2. The high speed, heavy duty actuator of claim 1, wherein: the number of the upper oil liquid starting channels (51) and the lower oil liquid starting channels (54) is 2 to 6, and the upper oil liquid starting channels (51) and the lower oil liquid starting channels (54) are uniformly distributed along the radial direction of the piston (5) respectively.

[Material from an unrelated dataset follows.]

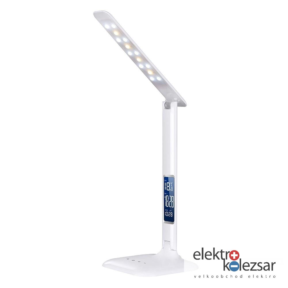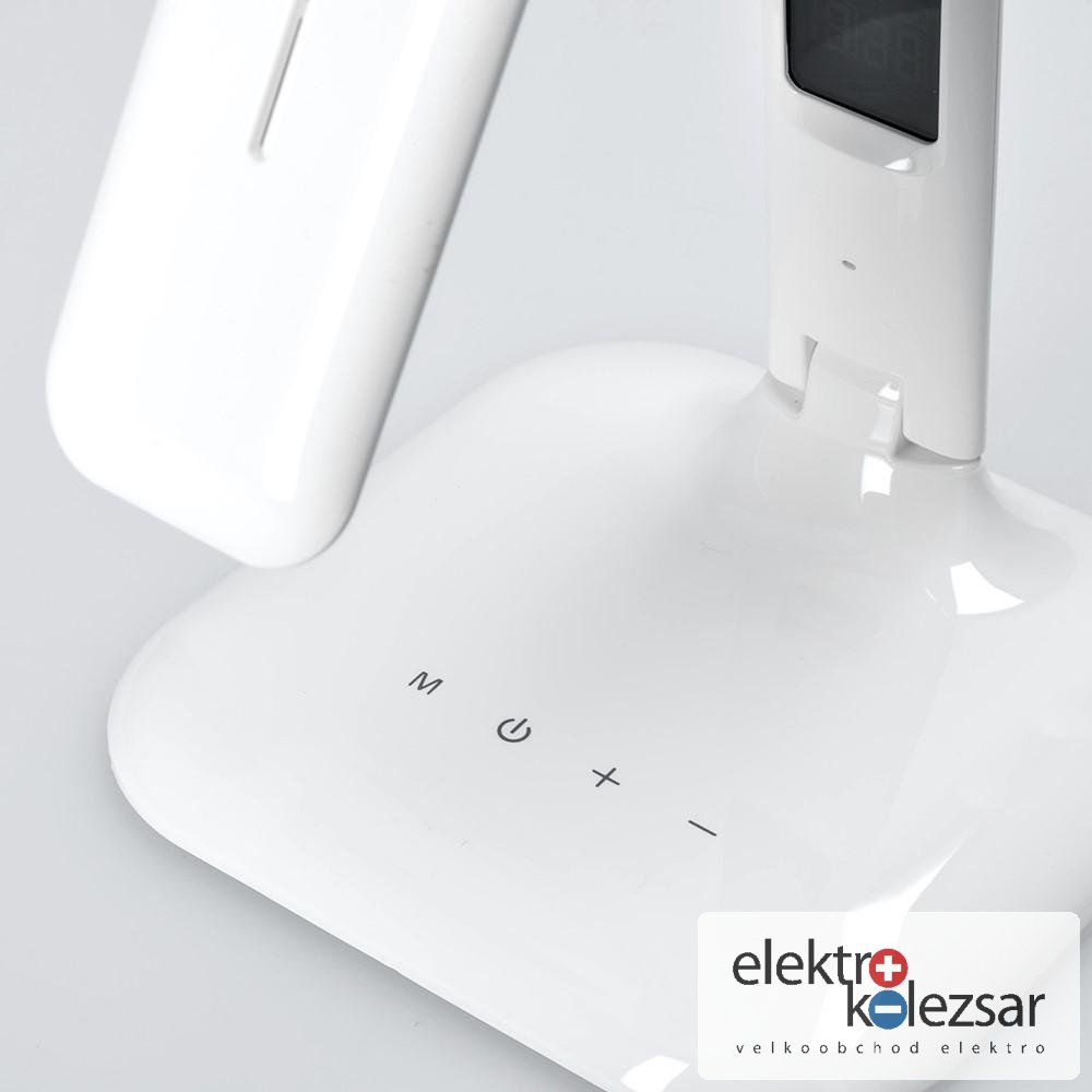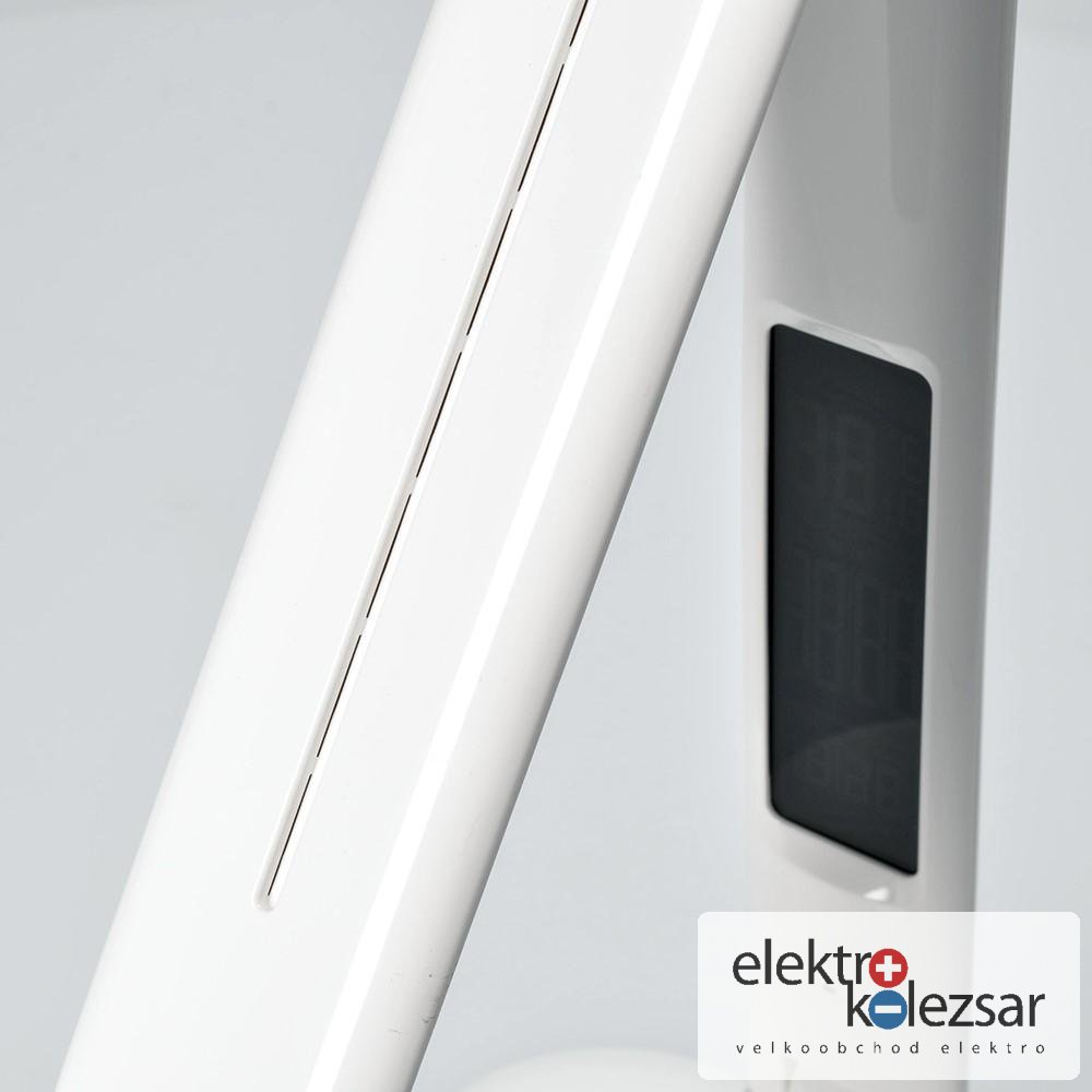 Součástí lampičky je praktický displej s funkcí hodin, kalendáře, budíku a teploměru, takže budete mít všechny důležité informace neustále na očích. Výkon 7 W a světelný tok 300 lm poskytují dostatečné osvětlení pro práci i odpočinek. Úhel svícení činí 140°, užitečný světelný tok je 258 lm. Lampička je napájena ze sítě (100–240V), má délku kabelu 140 cm a rozměry cca 150 x 150 x 330 mm. Materiál: odolný PC plast. LED zdroj je vestavěný a nelze jej měnit. Energetická třída G.

3. The high speed, heavy duty actuator of claim 1, wherein: the piston rod is a double-head piston rod.

4. The high speed, heavy duty actuator of claim 1, wherein: the eight sections of static pressure oil cavities (31) are radially and uniformly distributed along the static pressure bearing (3).

5. The high speed, heavy duty actuator of claim 1, wherein: the cylinder barrel (4) is provided with two oil inlet holes (43) and an oil supply channel (44) communicated with the two oil inlet holes (43), and the two oil inlet holes (43) are respectively communicated with the annular oil supply grooves (33) on the two hydrostatic bearings (3).

6. The high-speed, heavy-duty actuator of claim 5, wherein: the oil inlet hole (43) and the oil supply channel (44) on the cylinder barrel (4) and the annular oil supply groove (33) and the throttle hole (32) on the hydrostatic bearing (3) form an oil supply channel of the hydrostatic bearing (3).